By William Peacock, Esq. on June 03, 2014 | Last updated on March 21, 2019

On April 29, 2014, the Supreme Court fixed fee shifting in patent cases. The Court lowered the bar for awarding fees and tweaked the appeals court's review standard to force them to respect the trial court's discretion.

Discretion which must, in the first instance, actually be used. You see, back when the standards were impossibly high and non-deferential (April 28 or so), there was no fee-shifting -- only 20 out of 3,000 cases filed in 2011 led to an award of fees.

Like we said in April: the Court's given trial judges the power. Now they have to use it.

FindTheBest Beats Lumen Down

FindTheBest is a startup company. Lumen, by all accounts, is a patent troll.

"Lumen's motivation in this litigation was to extract a nuisance settlement from FTB on the theory that FTB would rather pay an unjustified license fee than bear the costs of the threatened expensive litigation," U.S. District Court Judge Denise Cote wrote last week. "Lumen's threats of 'full-scale litigation,' 'protracted discovery,' and a settlement demand escalator should FTB file responsive papers, were aimed at convincing FTB that a pay-off was the lesser injustice."

The opinion went on to describe the typical patent trolling tactics: mass boilerplate filings with no reasonable pre-suit investigation to justify the claims.

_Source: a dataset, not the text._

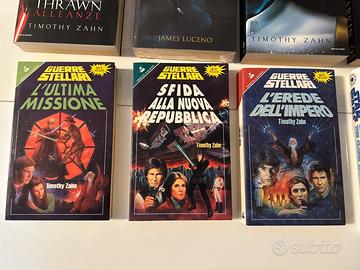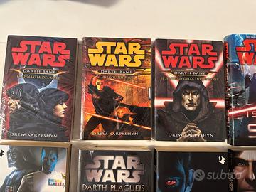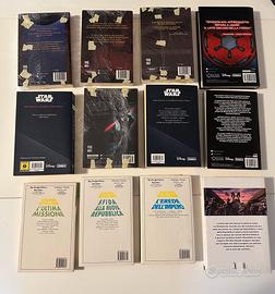 Vendo stock (solo in stock) di 12 libri STAR WARS, tutti in buone condizioni generali, tenuti bene, alcuni (è indicato) hanno il cellophane messo da me contro l'eventuale polvere e dietro si possono vedere dei pezzettini di scotch di carta sul cellophane, non sulle copertine ovviamente.

The case itself wasn't even close, and when it came time to apply the Supreme Court's shiny new Octane Fitness "exceptional case" standard, that wasn't close either.


The statute allows fee-shifting in exceptional cases, but doesn't define "exceptional." The Supreme Court finally filled in the gap in Octane Fitness:

[A]n "exceptional" case is simply one that stands out from others with respect to the substantive strength of a party's litigating position (considering both the governing law and the facts of the case) or the unreasonable manner in which the case was litigated.

And if that isn't clear enough, the Court also mentioned a "nonexclusive" list of factors: "frivolousness, motivation, objective unreasonableness (both in the factual and legal components of the case) and the need in particular circumstances to advance considerations of compensation and deterrence."

As you may have guessed, Judge Cote found that the shoe fit. Ars Technica says this appears to be the first time the standard has been applied since the landmark decision.